--- Available data Enclosed Below ---

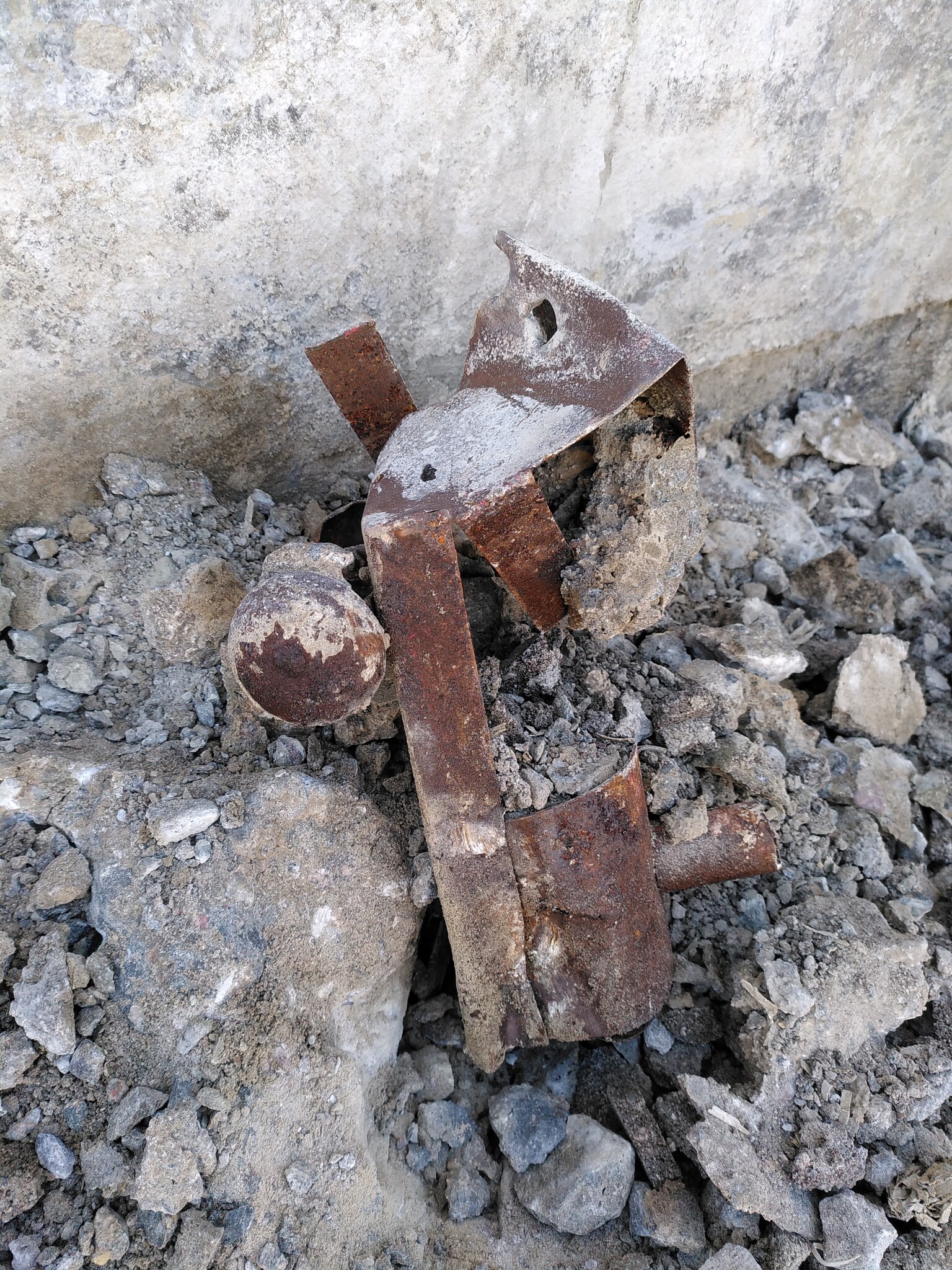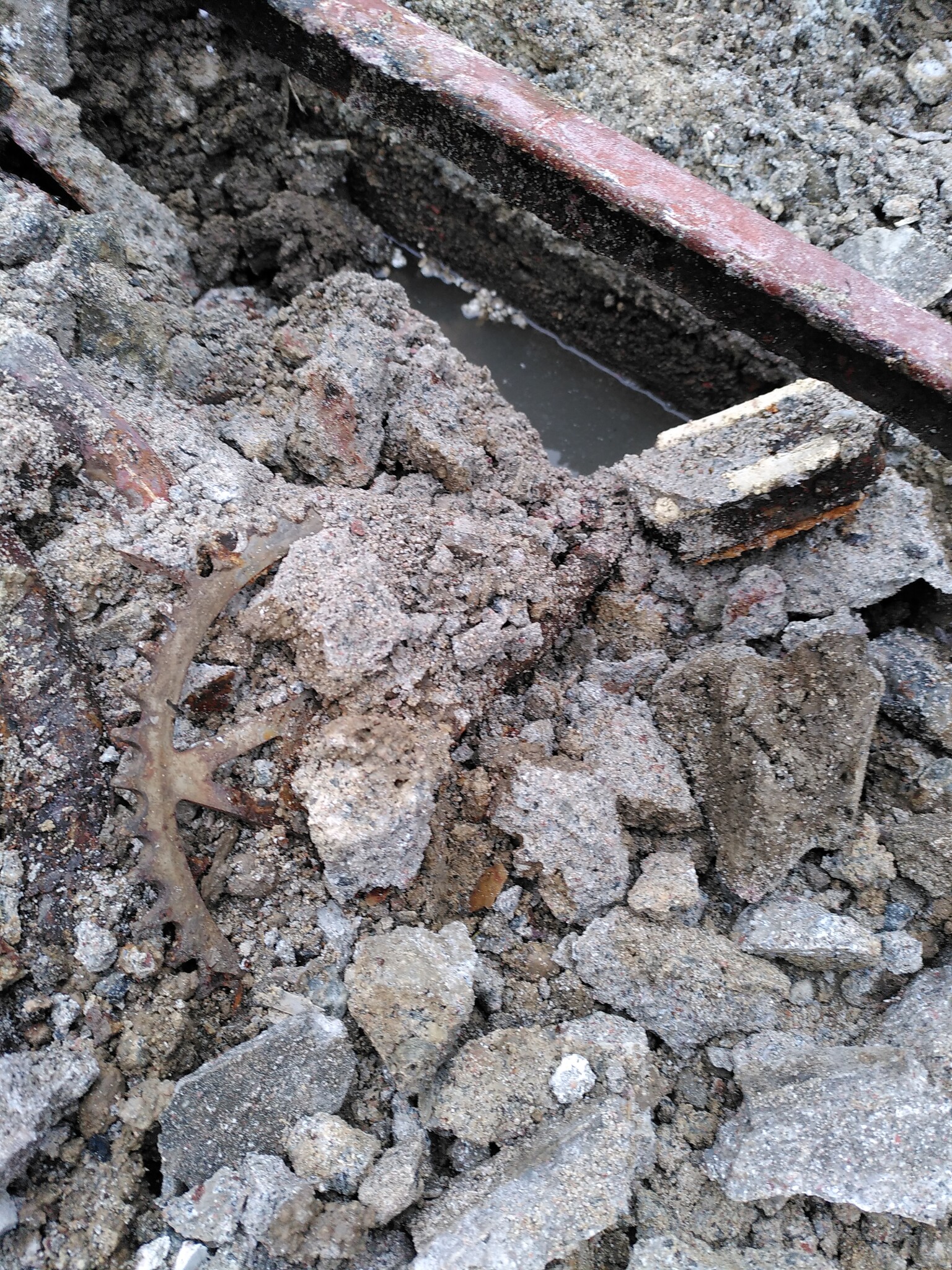 Här tittar ett drev fram i betongen! Det värsta var hjulen. Eftersom ekrarna var i rostfritt var de i bra skick och agerade som en fullkomligt överjävlig armering, så jag fick klippa av dem en och en med hovtång för att kunna spätta loss bitarna.
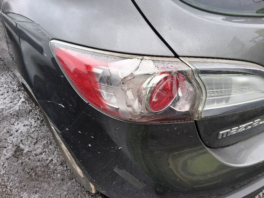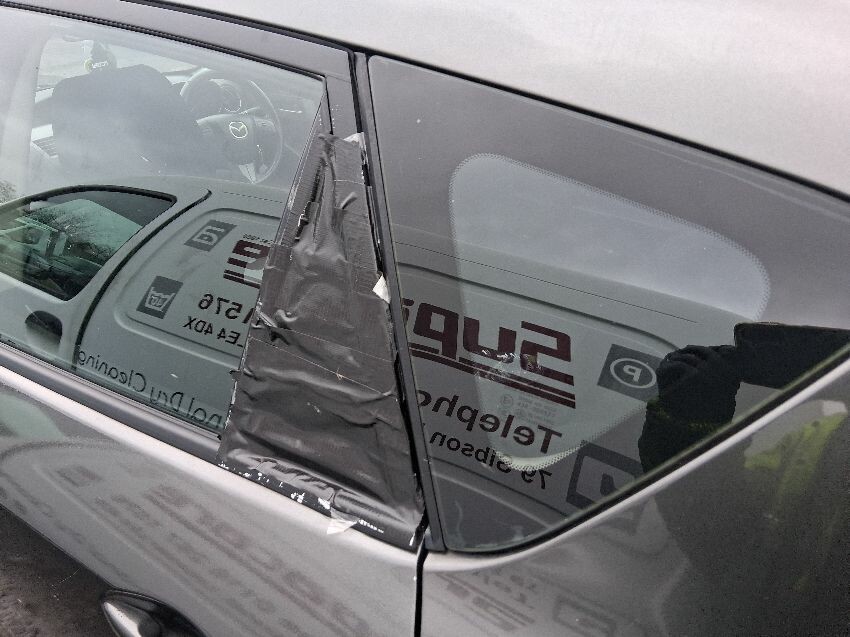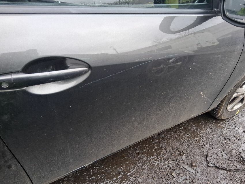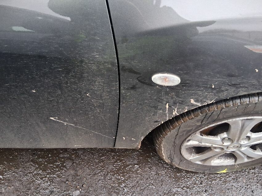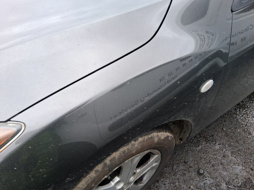 Low on fuel, coolant sign on, rear bumper, boot lid, o/s quarter, o/s doors, o/s mirror, o/s wing, front bumper, bonnet, n/s wing, n/s mirror, n/s doors, n/s/r window smashed, n/s quarter, n/s/r light, roof, general wear and tear and scratches.
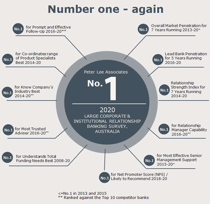 The Peter Lee Associates Large Corporate and Institutional Relationship Banking Survey is a leading indicator of performance across wholesale banking in Australia. Some 562 Australia-based large corporates and financial institutions with more than $500 million in annual turnover were surveyed.

--- End of Enclosed Available data ---

Problem description:
Exactly restate the lines from the beginning of the data through the line with "Low on fuel, coolant", and no others, keeping pictures out.

Completed task:
 Här tittar ett drev fram i betongen! Det värsta var hjulen. Eftersom ekrarna var i rostfritt var de i bra skick och agerade som en fullkomligt överjävlig armering, så jag fick klippa av dem en och en med hovtång för att kunna spätta loss bitarna.
 Low on fuel, coolant sign on, rear bumper, boot lid, o/s quarter, o/s doors, o/s mirror, o/s wing, front bumper, bonnet, n/s wing, n/s mirror, n/s doors, n/s/r window smashed, n/s quarter, n/s/r light, roof, general wear and tear and scratches.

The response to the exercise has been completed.